Collected material:
________________

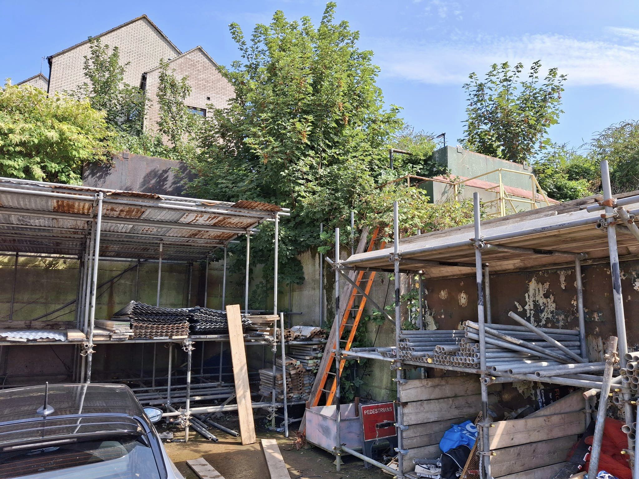 Do you know anything about these places or, perhaps more interestingly, the solid concrete wall behind them with what look like (now disused?) oil tanks on top – see photo. In one or two places it looks like entrances into the hillside behind the wall have been blocked up. Wartime accounts mention air raid shelters here and an oil tank being hit.
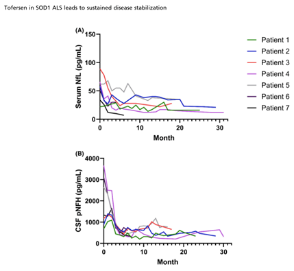 A vizsgálati adatok azt is kimutatták, hogy a kezelés megkezdése után jelentős és tartós csökkenés következett be a neurodegeneráció biomarkereiben, ami arra utal, hogy a terápia mérsékelheti a mozgatóideg-sejtek károsodását. A vérben mért, az idegsejtek pusztulásának mértékét jelző neurofilament könnyűlánc (Nfl) szint a legtöbb betegnél több mint felére csökkent a kezelés első hónapjaiban, majd tartósan az elért alacosnyabb szinten stagnált. Egy másik marker, a foszforilált neurofilament könnyűlánc (pNHF), a liquorban átlagosan 67,6%-kal esett vissza a kezelés hatására.
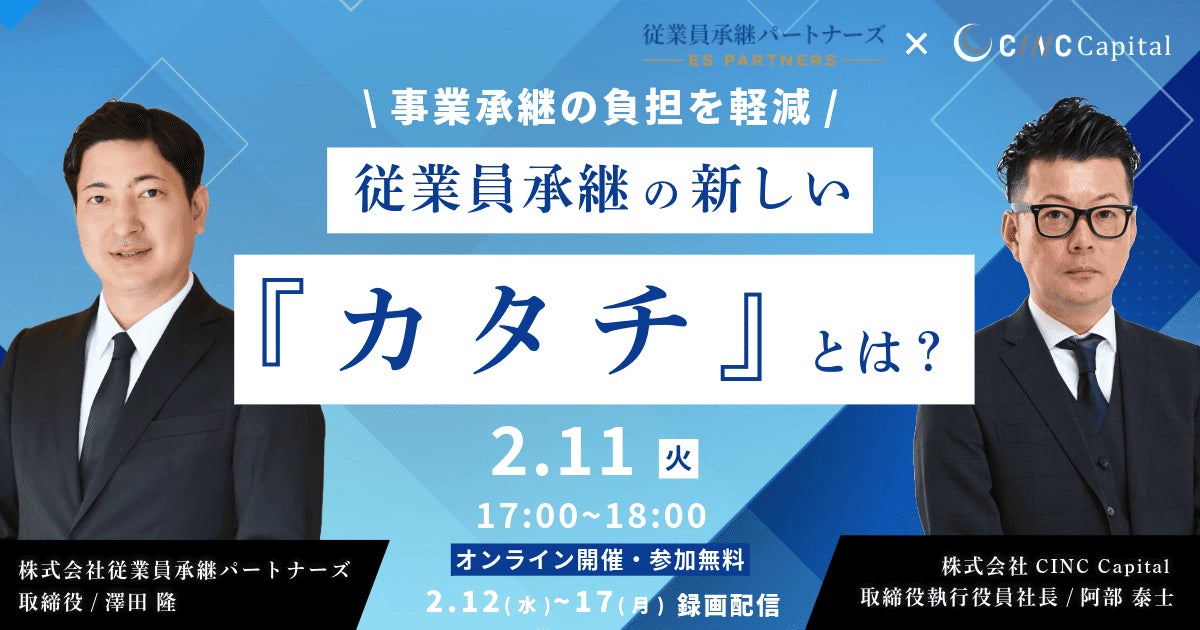 【株式会社CINC】子会社のCINC Capitalによる経営者向けセミナー『事業承継の負担を軽減!従業員承継の新しい「カタチ」とは?~M&Aと徹底比較~』開催のお知らせ
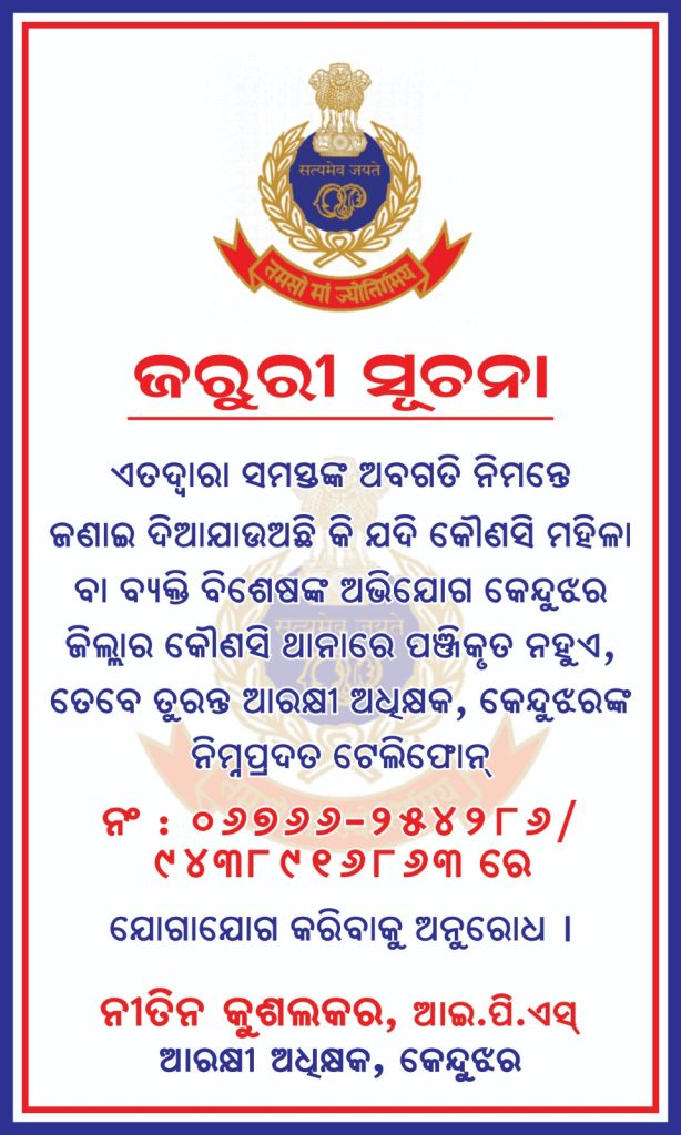 ଏହି କାର୍ଯ୍ୟକ୍ରମ ରେ କୌଣସି ଥାନରେ ଯଦି କାହାରି ଅଭିଯୋଗ ପଞ୍ଜୀକୃତ ନହୁଏ ତେବେ ଜିଲ୍ଲା ଆରକ୍ଷୀ ଅଧିକ୍ଷକଙ୍କ ସହ ସିଧାସଳଖ ଯୋଗାଯୋଗ କରିବା ପାଇଁ ହେଲ୍ପ ଲାଇନ ନମ୍ବର୍ ଜାରି କରାଯାଇଛି।

________________

What you are asked to do: Reproduce the lines above letter for letter. The pictures stay behind.

Solution to the exercise:
 Do you know anything about these places or, perhaps more interestingly, the solid concrete wall behind them with what look like (now disused?) oil tanks on top – see photo. In one or two places it looks like entrances into the hillside behind the wall have been blocked up. Wartime accounts mention air raid shelters here and an oil tank being hit.
 A vizsgálati adatok azt is kimutatták, hogy a kezelés megkezdése után jelentős és tartós csökkenés következett be a neurodegeneráció biomarkereiben, ami arra utal, hogy a terápia mérsékelheti a mozgatóideg-sejtek károsodását. A vérben mért, az idegsejtek pusztulásának mértékét jelző neurofilament könnyűlánc (Nfl) szint a legtöbb betegnél több mint felére csökkent a kezelés első hónapjaiban, majd tartósan az elért alacosnyabb szinten stagnált. Egy másik marker, a foszforilált neurofilament könnyűlánc (pNHF), a liquorban átlagosan 67,6%-kal esett vissza a kezelés hatására.
 【株式会社CINC】子会社のCINC Capitalによる経営者向けセミナー『事業承継の負担を軽減!従業員承継の新しい「カタチ」とは?~M&Aと徹底比較~』開催のお知らせ
 ଏହି କାର୍ଯ୍ୟକ୍ରମ ରେ କୌଣସି ଥାନରେ ଯଦି କାହାରି ଅଭିଯୋଗ ପଞ୍ଜୀକୃତ ନହୁଏ ତେବେ ଜିଲ୍ଲା ଆରକ୍ଷୀ ଅଧିକ୍ଷକଙ୍କ ସହ ସିଧାସଳଖ ଯୋଗାଯୋଗ କରିବା ପାଇଁ ହେଲ୍ପ ଲାଇନ ନମ୍ବର୍ ଜାରି କରାଯାଇଛି।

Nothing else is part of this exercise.